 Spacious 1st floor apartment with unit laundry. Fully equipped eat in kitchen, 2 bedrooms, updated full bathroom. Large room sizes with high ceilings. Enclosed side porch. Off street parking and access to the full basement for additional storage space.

* * * *

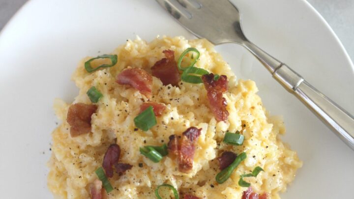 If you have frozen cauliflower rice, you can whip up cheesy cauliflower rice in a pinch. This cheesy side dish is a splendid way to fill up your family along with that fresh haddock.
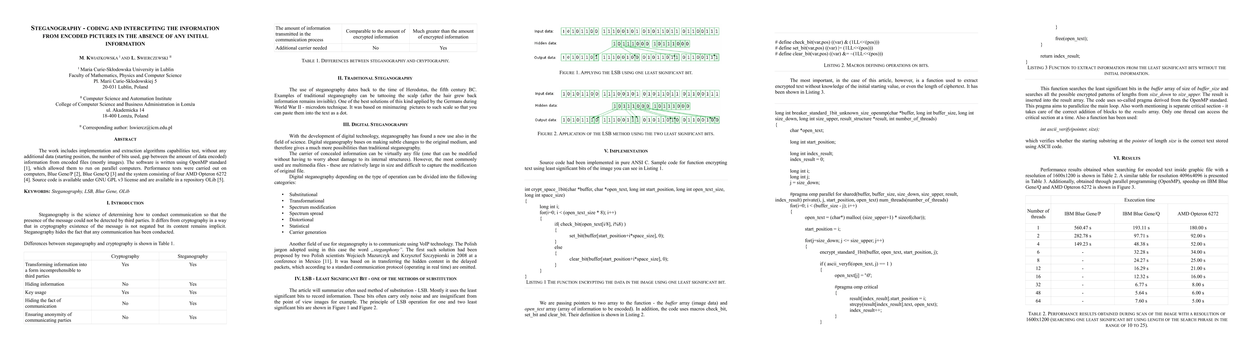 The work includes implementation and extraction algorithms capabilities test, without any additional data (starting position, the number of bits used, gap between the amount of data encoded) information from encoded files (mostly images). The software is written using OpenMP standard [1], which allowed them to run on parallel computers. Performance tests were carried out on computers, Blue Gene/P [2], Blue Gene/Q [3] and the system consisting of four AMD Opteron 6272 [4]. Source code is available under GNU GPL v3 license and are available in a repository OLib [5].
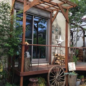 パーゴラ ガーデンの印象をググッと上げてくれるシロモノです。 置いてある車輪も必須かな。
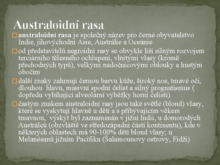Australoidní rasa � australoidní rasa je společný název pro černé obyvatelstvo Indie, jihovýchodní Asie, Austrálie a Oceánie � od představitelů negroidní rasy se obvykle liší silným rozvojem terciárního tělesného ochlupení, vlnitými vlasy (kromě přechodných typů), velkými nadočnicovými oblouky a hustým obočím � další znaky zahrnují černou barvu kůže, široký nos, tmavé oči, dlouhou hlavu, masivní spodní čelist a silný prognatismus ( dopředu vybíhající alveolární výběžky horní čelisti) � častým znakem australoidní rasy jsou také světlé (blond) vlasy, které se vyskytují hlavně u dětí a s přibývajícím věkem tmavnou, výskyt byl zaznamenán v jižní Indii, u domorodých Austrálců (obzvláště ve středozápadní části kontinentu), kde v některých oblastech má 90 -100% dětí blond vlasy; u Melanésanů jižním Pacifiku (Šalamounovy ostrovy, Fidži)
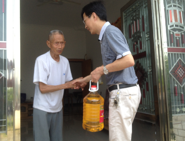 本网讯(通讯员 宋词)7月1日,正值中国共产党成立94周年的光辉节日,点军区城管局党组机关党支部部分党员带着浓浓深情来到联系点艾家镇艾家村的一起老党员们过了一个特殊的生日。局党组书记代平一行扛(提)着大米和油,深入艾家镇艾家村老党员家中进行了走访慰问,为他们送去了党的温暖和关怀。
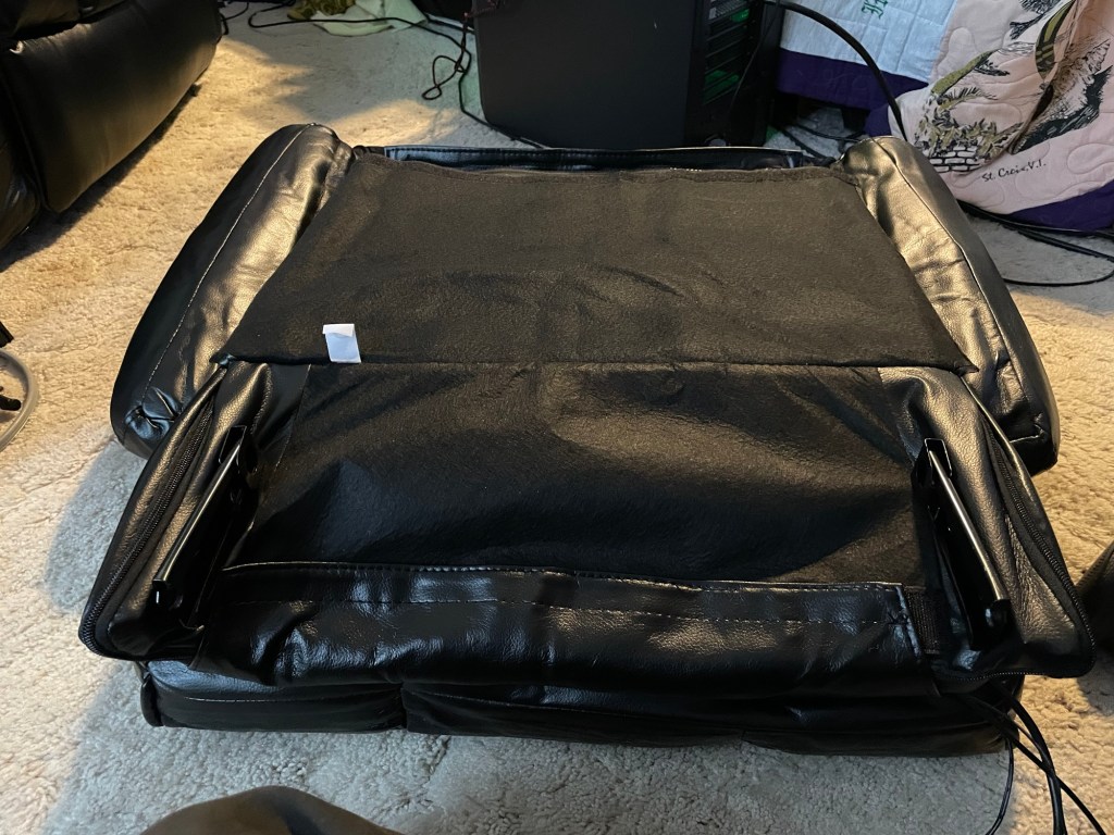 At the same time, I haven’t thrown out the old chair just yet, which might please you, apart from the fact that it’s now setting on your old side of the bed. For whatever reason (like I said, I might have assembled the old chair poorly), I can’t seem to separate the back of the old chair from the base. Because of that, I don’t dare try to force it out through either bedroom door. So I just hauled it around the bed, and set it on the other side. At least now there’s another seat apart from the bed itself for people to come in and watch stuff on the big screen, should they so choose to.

* * * *

→ TASK TO COMPLETE
From the line containing "Australoidní rasa �" through the line containing "本网讯(通讯员 宋词)7月1", copy every line above exactly, without pictures.

→ FINISHED EXERCISE
Australoidní rasa � australoidní rasa je společný název pro černé obyvatelstvo Indie, jihovýchodní Asie, Austrálie a Oceánie � od představitelů negroidní rasy se obvykle liší silným rozvojem terciárního tělesného ochlupení, vlnitými vlasy (kromě přechodných typů), velkými nadočnicovými oblouky a hustým obočím � další znaky zahrnují černou barvu kůže, široký nos, tmavé oči, dlouhou hlavu, masivní spodní čelist a silný prognatismus ( dopředu vybíhající alveolární výběžky horní čelisti) � častým znakem australoidní rasy jsou také světlé (blond) vlasy, které se vyskytují hlavně u dětí a s přibývajícím věkem tmavnou, výskyt byl zaznamenán v jižní Indii, u domorodých Austrálců (obzvláště ve středozápadní části kontinentu), kde v některých oblastech má 90 -100% dětí blond vlasy; u Melanésanů jižním Pacifiku (Šalamounovy ostrovy, Fidži)
 本网讯(通讯员 宋词)7月1日,正值中国共产党成立94周年的光辉节日,点军区城管局党组机关党支部部分党员带着浓浓深情来到联系点艾家镇艾家村的一起老党员们过了一个特殊的生日。局党组书记代平一行扛(提)着大米和油,深入艾家镇艾家村老党员家中进行了走访慰问,为他们送去了党的温暖和关怀。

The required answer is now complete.